Genesis 5:1-32 . GENEALOGY OF THE PATRIARCHS.
1. book of the generations--(See Genesis 11:4 ).
Adam--used here either as the name of the first man, or of the human race generally.
5. all the days . . . Adam lived--The most striking feature in this catalogue is the longevity of Adam and his immediate descendants. Ten are enumerated ( Genesis 5:5-32 ) in direct succession whose lives far exceed the ordinary limits with which we are familiar--the shortest being three hundred sixty-five, [ Genesis 5:23 ] and the longest nine hundred sixty-nine years [ Genesis 5:27 ].It is useless to inquire whether and what secondary causes may have contributed to this protracted longevity--vigorous constitutions, the nature of their diet, the temperature and salubrity of the climate; or, finally--as this list comprises only the true worshippers of God--whether their great age might be owing to the better government of their passions and the quiet, even tenor of their lives. Since we cannot obtain satisfactory evidence on these points, it is wise to resolve the fact into the sovereign will of God. We can, however, trace some of the important uses to which, in the early economy of Providence, it was subservient. It was the chief means of reserving a knowledge of God, of the great truths of religion, as well as the influence of genuine piety. So that, as their knowledge was obtained by tradition, they would be in a condition to preserve it in the greatest purity.

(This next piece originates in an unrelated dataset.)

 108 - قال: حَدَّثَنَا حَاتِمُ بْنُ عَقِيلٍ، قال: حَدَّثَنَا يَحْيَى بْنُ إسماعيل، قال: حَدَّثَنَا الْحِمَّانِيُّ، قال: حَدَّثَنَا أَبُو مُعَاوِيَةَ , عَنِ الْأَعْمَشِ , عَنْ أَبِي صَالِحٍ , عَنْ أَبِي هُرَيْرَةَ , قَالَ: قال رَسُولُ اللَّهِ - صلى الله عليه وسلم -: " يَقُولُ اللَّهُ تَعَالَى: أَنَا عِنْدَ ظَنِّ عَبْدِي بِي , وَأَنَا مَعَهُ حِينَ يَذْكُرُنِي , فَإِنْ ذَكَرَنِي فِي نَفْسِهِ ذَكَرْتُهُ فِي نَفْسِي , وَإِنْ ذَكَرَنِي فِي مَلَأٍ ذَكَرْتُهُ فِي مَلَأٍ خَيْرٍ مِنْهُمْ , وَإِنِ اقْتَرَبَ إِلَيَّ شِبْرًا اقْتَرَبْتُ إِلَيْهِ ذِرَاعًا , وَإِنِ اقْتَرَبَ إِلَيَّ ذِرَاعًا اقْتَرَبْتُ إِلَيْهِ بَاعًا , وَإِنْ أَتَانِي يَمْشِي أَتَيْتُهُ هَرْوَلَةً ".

21. Enoch . . . begat Methuselah--This name signifies, "He dieth, and the sending forth," so that Enoch gave it as prophetical of the flood. It is computed that Methuselah died in the year of that catastrophe.

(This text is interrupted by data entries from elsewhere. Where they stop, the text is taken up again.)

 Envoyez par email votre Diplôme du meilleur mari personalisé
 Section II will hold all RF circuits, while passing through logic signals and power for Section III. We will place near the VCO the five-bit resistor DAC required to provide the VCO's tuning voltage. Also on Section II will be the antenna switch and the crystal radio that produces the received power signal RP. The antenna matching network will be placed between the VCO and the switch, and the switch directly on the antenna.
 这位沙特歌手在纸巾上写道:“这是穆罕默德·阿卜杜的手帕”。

24. And Enoch walked with God--a common phrase in Eastern countries denoting constant and familiar intercourse.
was not; for God took him--In Hebrews 11:5 , we are informed that he was translated to heaven--a mighty miracle, designed to effect what ordinary means of instruction had failed to accomplish, gave a palpable proof to an age of almost universal unbelief that the doctrines which he had taught ( Jude 1:14 Jude 1:15 ) were true and that his devotedness to the cause of God and righteousness in the midst of opposition was highly pleasing to the mind of God.

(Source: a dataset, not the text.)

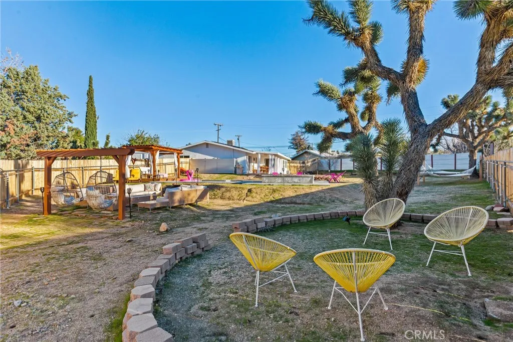Discover the perfect blend of desert charm and modern comfort in this beautifully updated three-bedroom, two-bath home situated on a generous half-acre corner lot in Yucca Valleys desirable Storey Park community. Designed with indooroutdoor living in mind, this home features an inviting open layout with abundant natural light, neutral finishes, and a seamless flow for relaxing or entertaining. The chef-friendly kitchen offers crisp white cabinetry, granite countertops, and stainless steel appliances, while the cozy living area is anchored by a classic fireplace. Step outside to your own private oasiscomplete with a sparkling 2022 pool, elevated spa, and a spacious baja shelf perfect for lounging. The backyard is fully fenced and thoughtfully designed with multiple spaces to unwind, including a covered patio ideal for dining, a wooden deck with a stylish cabana for shaded relaxation, and additional seating areas surrounded by Joshua Trees and mountain views. This layout makes it an excellent option for a primary residence, vacation retreat, or short-term rental investment (buyer to verify). Additional upgrades include owned solar (approx. 3 years old), dual-pane windows, central heating and air, a newer evaporative cooler, and a dedicated dog run. Just minutes from Joshua Tree National Park, local shops, dining, schools, and outdoor recreation, this property offers the perfect mix of tranquility, convenience, and desert-lifestyle living.

26. Lamech--a different person from the one mentioned in the preceding chapter [ Genesis 4:18 ]. Like his namesake, however, he also spoke in numbers on occasion of the birth of Noah--that is, "rest" or "comfort" [ Genesis 5:29 , Margin]. "The allusion is, undoubtedly, to the penal consequences of the fall in earthly toils and sufferings, and to the hope of a Deliverer, excited by the promise made to Eve. That this expectation was founded on a divine communication we infer from the importance attached to it and the confidence of its expression" [PETER SMITH].
32. Noah was five hundred years old: and . . . begat--That he and the other patriarchs were advanced in life before children were born to them is a difficulty accounted for probably from the circumstance that Moses does not here record their first-born sons, but only the succession from Adam through Seth to Abraham.